If the value is bigger than the range of the 32-bit value, the interpreter fits the value into 32-bits. If one of the operands is not a numerical value (something like "hi"), the expression evaluates to -1. If the value can be converted to a numerical representation (something like "23"), the interpreter automatically converts it. There are seven bitwise operators available. Let's take a look.
The bitwise AND operator performs a boolean AND operation on the bits of its integer operands. As you know, 1 means that the circuit is turned on, which also means true, and 0 means false. A logical boolean operation produces the value true or false based on the value of each bit in both operands. In the case of the bitwise AND operator it produces 1 if both postition matched bits are 1, otherwise it produces 0 -- because it's like saying return true if the bit in the first operand is true AND the bit in the second operand is true. The statement result = 8 & 3; produces the value 0. If we presented it as the binary representation it will be clearer:
00001000 (8 in binary) & (using Bitwise AND) 00000011 (3 in binary) --------- 00000000 (0 in decimal)
8 is represented in binary as 00001000 (note that I have removed the rest of the 32 bits because the value is small enough to be represented in 1 byte, 8 bits) and 3 is represented as 11 in binary. There are no matched bits that have the value 1, so the product is 00000000.
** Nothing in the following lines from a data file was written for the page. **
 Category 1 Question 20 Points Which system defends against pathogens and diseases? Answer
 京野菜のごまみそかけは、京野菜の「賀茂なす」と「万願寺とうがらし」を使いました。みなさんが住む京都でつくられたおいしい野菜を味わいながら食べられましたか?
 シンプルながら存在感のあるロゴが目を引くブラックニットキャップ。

The Bitwise OR Operator performs an operation that sets the resulting bit to 1 if the first operand's bit is 1 OR if the second operand's bit is 1 OR even if both of them are 1. It's much more like saying set the resulting bit to one if any of the position matched bits are 1, so the statement result = 8 | 3; evaluates to 11. Let's take a look at the binary representation:
00001000 | 00000011 --------- 00001011
The binary data 00001011 means in decimal 8 + 2 + 1 which equals to 11.
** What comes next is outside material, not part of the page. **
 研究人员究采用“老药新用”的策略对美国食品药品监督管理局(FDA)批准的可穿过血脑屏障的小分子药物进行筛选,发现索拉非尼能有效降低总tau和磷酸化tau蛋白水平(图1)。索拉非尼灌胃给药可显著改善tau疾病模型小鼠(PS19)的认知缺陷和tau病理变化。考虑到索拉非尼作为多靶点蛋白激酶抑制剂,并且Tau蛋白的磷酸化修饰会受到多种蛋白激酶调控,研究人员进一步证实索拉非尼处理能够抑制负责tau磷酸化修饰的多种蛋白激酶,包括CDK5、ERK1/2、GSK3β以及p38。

The bitwise XOR operator (or the exclusive OR operator) is the same as the bitwise OR operator with one difference: it doesn't set the resultant bit to 1 if both bits are 1. It sets the resultant bit to 1 if only one of the operands' position matched bits is 1. If both of the bits have the value 1, the ^ operator puts 0 in the resultant bit. So the statement result = 7 ^ 3; produces the value 4
00000111 ^ 00000011 --------- 00000100
the binary value 00000100 equals 4.
The bitwise NOT operator is the only unary bitwise operator. It simply changes the state of all the bits in the value; it turns all 1s to 0s and all 0s to 1s. So the statement result = ~4294967295; produces the value 0 because the decimal value 4294967295 is represented in binary as 32 ones. As you know, when using bitwise operators, the interpreter converts the value to 32-bits, and using the bitwise NOT operator turns all the 1s to 0s, which is why we got the value 0
The left shift operator doesn't set bits. Instead it moves the bits (of the value in the left operand) to the left by the value of the right operand. Take the value 3 for example, when we shift its binary value by 1 as in the statement result = 3 << 1; it produces the value 6. Remember, 3 is represented in the binary system as 00000011, so when we shift it one time to the left, the value becomes 00000110. Note that when we shift the value to the left it puts 0s on the right.
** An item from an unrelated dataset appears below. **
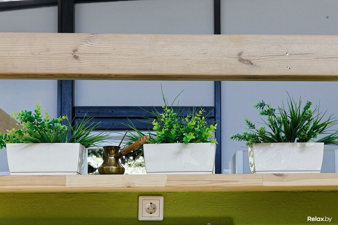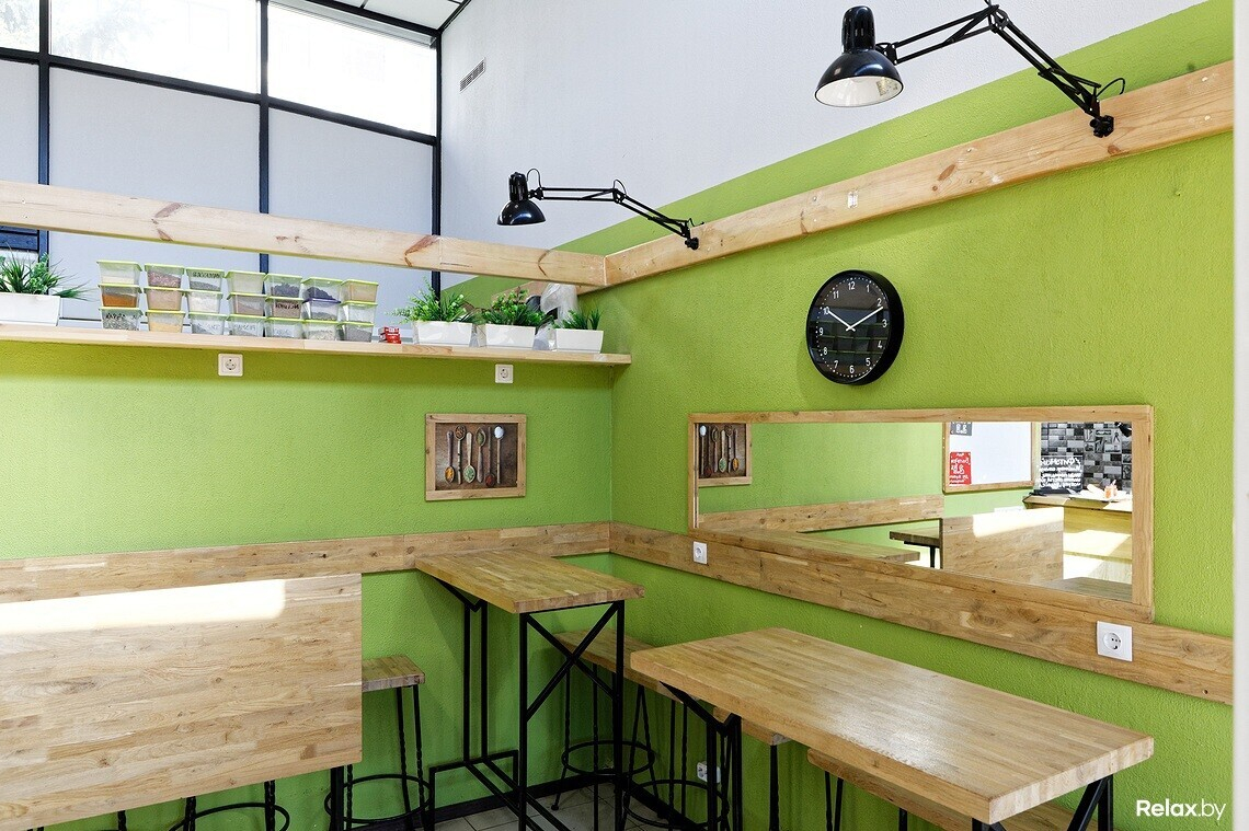 Интерьер выдержан в стиле минимализма: простые столы и стулья, элементы декора из дерева, зеленый и салатовый цвета в оформлении стен. Уюта добавляют комнатные растения.

The right shift operator shifts bits from left to right. The statement result = 255 >> 5; produces the value 7 because 255 is represented in binary as 11111111. When we shift 5 bits, the value becomes 00000111. Shifting from right is like cutting the number of bits and putting 0s on the left.
The right shift with zero fill operator is the same as the >> operator, but it doesn't reserve the sign of the value. We have not discussed how we can reserve the sign in the binary representation so we will not talk about this operator now. I will introduce this concept to you later in the series.